Copy nothing but the lines from the one containing "在生活的漫长旅程中,每一个人" through the last line of the entries below, exactly as written and without pictures.

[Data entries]
——————————
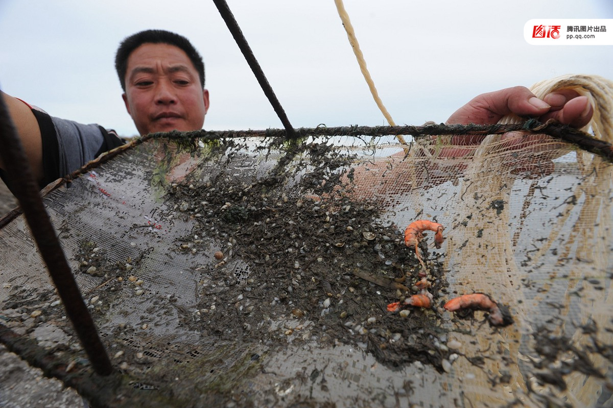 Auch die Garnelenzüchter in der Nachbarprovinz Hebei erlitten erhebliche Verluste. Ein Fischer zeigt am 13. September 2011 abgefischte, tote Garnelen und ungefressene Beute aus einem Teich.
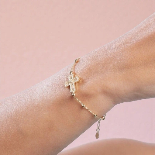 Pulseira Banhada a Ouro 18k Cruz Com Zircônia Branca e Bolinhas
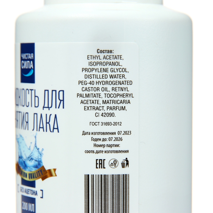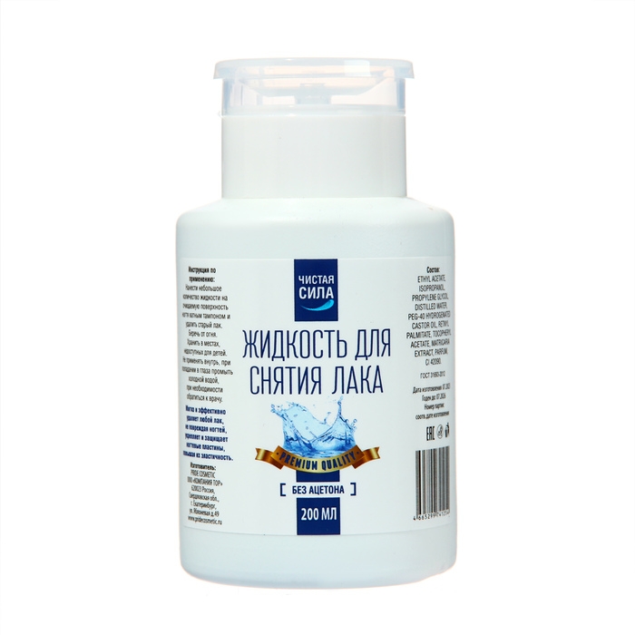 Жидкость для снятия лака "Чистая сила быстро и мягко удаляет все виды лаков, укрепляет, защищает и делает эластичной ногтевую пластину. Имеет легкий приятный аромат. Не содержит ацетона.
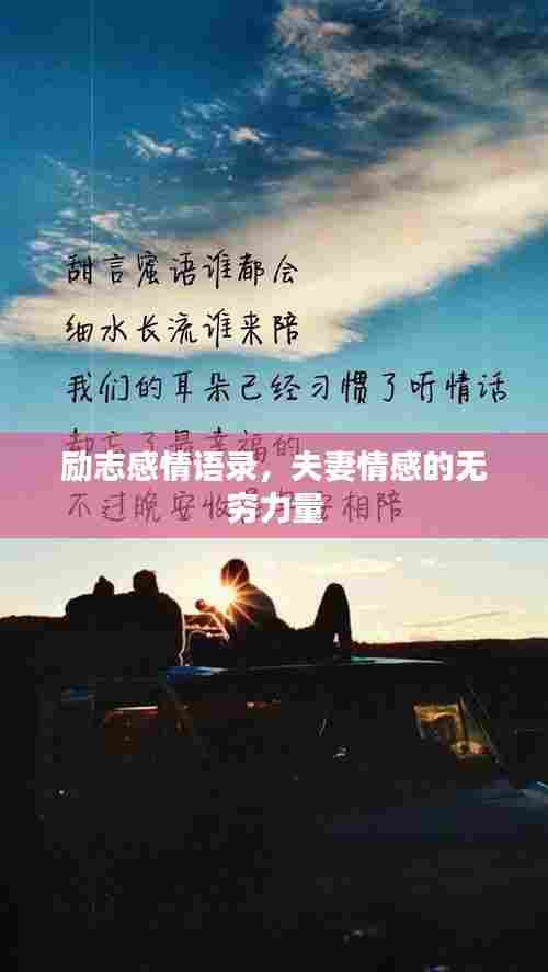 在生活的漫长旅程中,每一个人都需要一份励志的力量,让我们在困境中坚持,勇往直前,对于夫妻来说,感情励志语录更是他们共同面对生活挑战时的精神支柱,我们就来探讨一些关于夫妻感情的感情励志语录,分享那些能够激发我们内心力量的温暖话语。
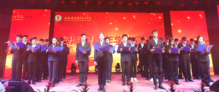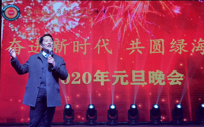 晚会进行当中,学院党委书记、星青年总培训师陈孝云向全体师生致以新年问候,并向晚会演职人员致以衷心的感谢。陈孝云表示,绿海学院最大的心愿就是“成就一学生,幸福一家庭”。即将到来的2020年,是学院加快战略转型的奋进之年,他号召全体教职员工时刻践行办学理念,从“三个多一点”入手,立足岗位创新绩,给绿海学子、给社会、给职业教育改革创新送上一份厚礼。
——————————
RESULT BELOW:
 在生活的漫长旅程中,每一个人都需要一份励志的力量,让我们在困境中坚持,勇往直前,对于夫妻来说,感情励志语录更是他们共同面对生活挑战时的精神支柱,我们就来探讨一些关于夫妻感情的感情励志语录,分享那些能够激发我们内心力量的温暖话语。
 晚会进行当中,学院党委书记、星青年总培训师陈孝云向全体师生致以新年问候,并向晚会演职人员致以衷心的感谢。陈孝云表示,绿海学院最大的心愿就是“成就一学生,幸福一家庭”。即将到来的2020年,是学院加快战略转型的奋进之年,他号召全体教职员工时刻践行办学理念,从“三个多一点”入手,立足岗位创新绩,给绿海学子、给社会、给职业教育改革创新送上一份厚礼。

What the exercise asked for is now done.